“Eat something,” he said, wanting to keep this news from her, and fighting the necessity of a parting. He wished more than anything to see her smile, and hear her laugh. “Eat for strength,” he said. “And I don’t mean little children.”
He took the fact that her lips upturned as a good omen, sure it would be a terrible thing for them all if Banshees didn’t have a sense of humor.
With a last lingering look at her, a heartfelt glance, he cleared his throat and said in a gravelly tone, “I’ll be close.” Then he headed for the window and passed through it, to the night beyond.
Colton landed on the grass in a crouch, both hands and one knee on the ground, and waited to hear the sound of bones breaking. When that didn’t happen, he stood up.
Daylight had indeed passed. The light at the front of Landau’s house hurt his sensitive eyes when he rounded the corner.
Someone was on the porch. He was glad to see that it was a female, and not Landau or Rosalind’s father. Matt Wilson’s mate got to her feet. “Jenna James, in case you missed my name last night,” she said, holding up a plate covered by a dishcloth. “I saved this for you.”

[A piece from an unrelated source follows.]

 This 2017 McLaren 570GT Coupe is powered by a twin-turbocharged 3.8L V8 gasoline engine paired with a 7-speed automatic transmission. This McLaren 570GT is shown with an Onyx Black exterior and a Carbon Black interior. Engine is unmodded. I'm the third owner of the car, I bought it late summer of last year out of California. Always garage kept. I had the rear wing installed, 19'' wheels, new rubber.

Colton glanced to the door.
“Some of them are inside, and some are on the walls,” Jenna explained. “Landau can’t leave the place unmanned when we go.”
“We?” he said.
“You can read wulf minds a little, right?” she countered.
“What would make you assume that I can?”
“I’m a doctor trained to read facial expression and body language. I’m also a Were, and a female. We’re better at knowing these things.”

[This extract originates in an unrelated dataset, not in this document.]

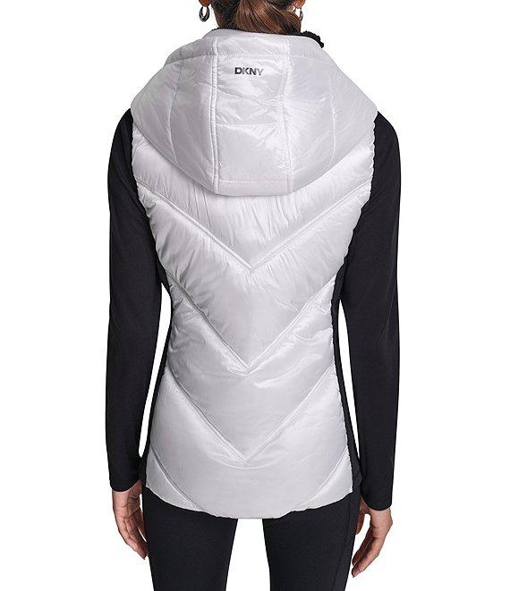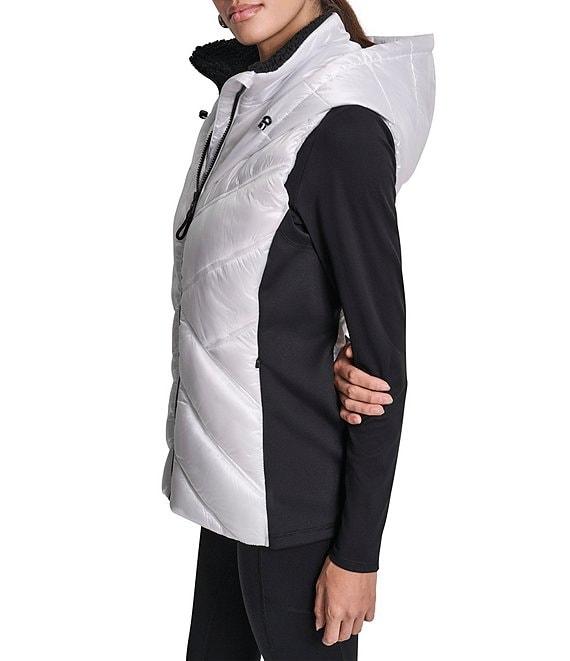 From DKNY Sport by Donna Karan, this vest features: Metallic cire woven fabrication Mock neckline with attached hoodie Sleeveless Sherpa lined Side seam pockets Side panel: scuba knit Bungee with logo grommets at hood Straight hemline Center front zipper closure Approx. 26.5" length Polyester/nylon; contrast: polyester/spandex Machine wash cold/tumble dry low Imported.

He took the plate gratefully and sat on the step, not sure he’d be able to keep anything down, but aware of the fact that he needed sustenance.
“I can’t read minds,” he said. “Sometimes I hear thoughts if they’re loud enough. The more I heal, the more I hear, if I try.”
“Then you probably know they’re waiting inside to speak to you.”
“Loud and clear,” he said.
The door opened behind him with a crack of its metal bolts. He didn’t whirl or greet the newcomer.
“She’s gone,” Jared Kirk announced angrily. “Rosalind is gone.”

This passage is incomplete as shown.